ProxySPEX: Scaling Efficiency with Hierarchical Insight
ProxySPEX builds on this by introducing a hierarchy-aware structure: if a complex interaction (e.g., between four words) is influential, its subsets are likely relevant too. This insight allows ProxySPEX to achieve SPEX-level accuracy with up to 10x fewer ablations. In one striking test on GPT-4o mini, standard SHAP wrongly flagged the word "trolley" as the primary cause of moral reasoning failure. SPEX revealed the true culprit: a synergistic interaction between "trolley," "pulling," "lever," and a second instance of "trolley." Replacing all four terms with synonyms restored near-perfect accuracy—something no prior method could detect.
Real-World Applications Beyond Text: Data, Vision, and Mechanistic Interpretability
The frameworks extend beyond text. In data attribution, ProxySPEX identified synergistic training examples in CIFAR-10 that collectively defined decision boundaries—such as the combination of a sports car, truck, and delivery van shaping a model’s perception of "automobile." Redundant examples, like clusters of similar dog images reinforcing a "horse" label, were also flagged, enabling smarter dataset pruning. In mechanistic interpretability, ProxySPEX uncovered that early transformer layers operate linearly, while later layers rely heavily on intra-layer attention head interactions—a finding that enabled task-specific pruning which actually improved MMLU performance.

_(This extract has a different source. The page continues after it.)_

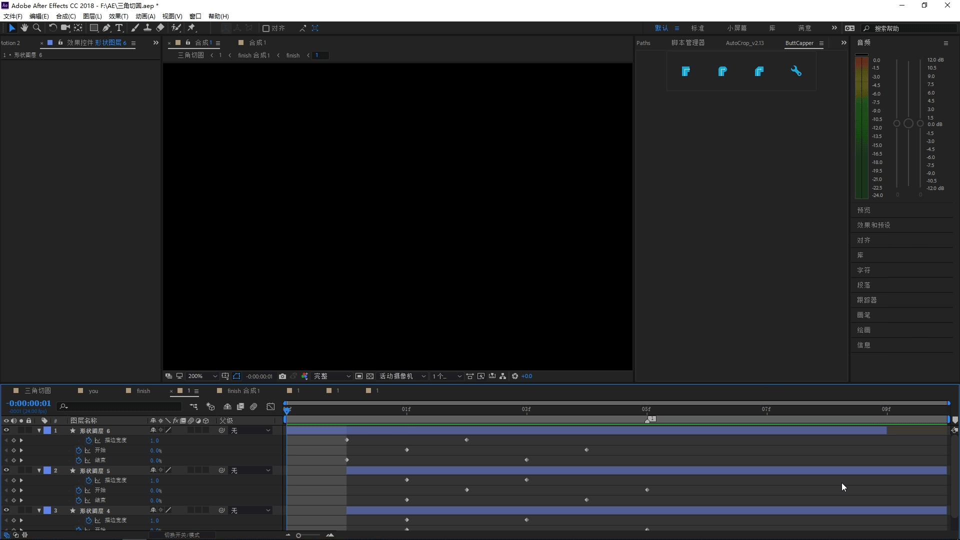 2. 做完了333,接下来,就是刀锋了,其实与333做法是一个道理,仅仅是给线段路径添加了修剪路径的效果,然后更细致一点的话,给描边宽度也k个帧,让”刀锋”除了有运动效果,也有一个逐渐消逝的效果,这里我做了三个“刀锋”,你也可以按自己的想法再增加几条“刀锋”。这里展示的是右边的“刀锋”,同333,其他“刀锋”最好自己另外画,这里我偷懒了,同样仅仅旋转了一下(反省*2)

Why This Changes Everything: From Post-Hoc to Causal AI Understanding
These breakthroughs represent a critical evolution beyond conventional Explainable AI (XAI). As highlighted in a March 2026 arXiv paper, the field is moving from post-hoc explanations to causal, structural understanding of model internals. SPEX and ProxySPEX are not just tools—they are the foundation for a new science of AI behavior, where interactions, not just weights or gradients, become the unit of analysis.
How to Use SPEX and ProxySPEX Today
With code now integrated into the SHAP-IQ repository, the research community can replicate and extend these methods across domains—from healthcare diagnostics to genomics. Identifying interactions at scale for LLMs is no longer a theoretical challenge; it’s an operational reality. As models grow more powerful, so too must our ability to understand them—and SPEX delivers that capability at the scale required for real-world trust and safety.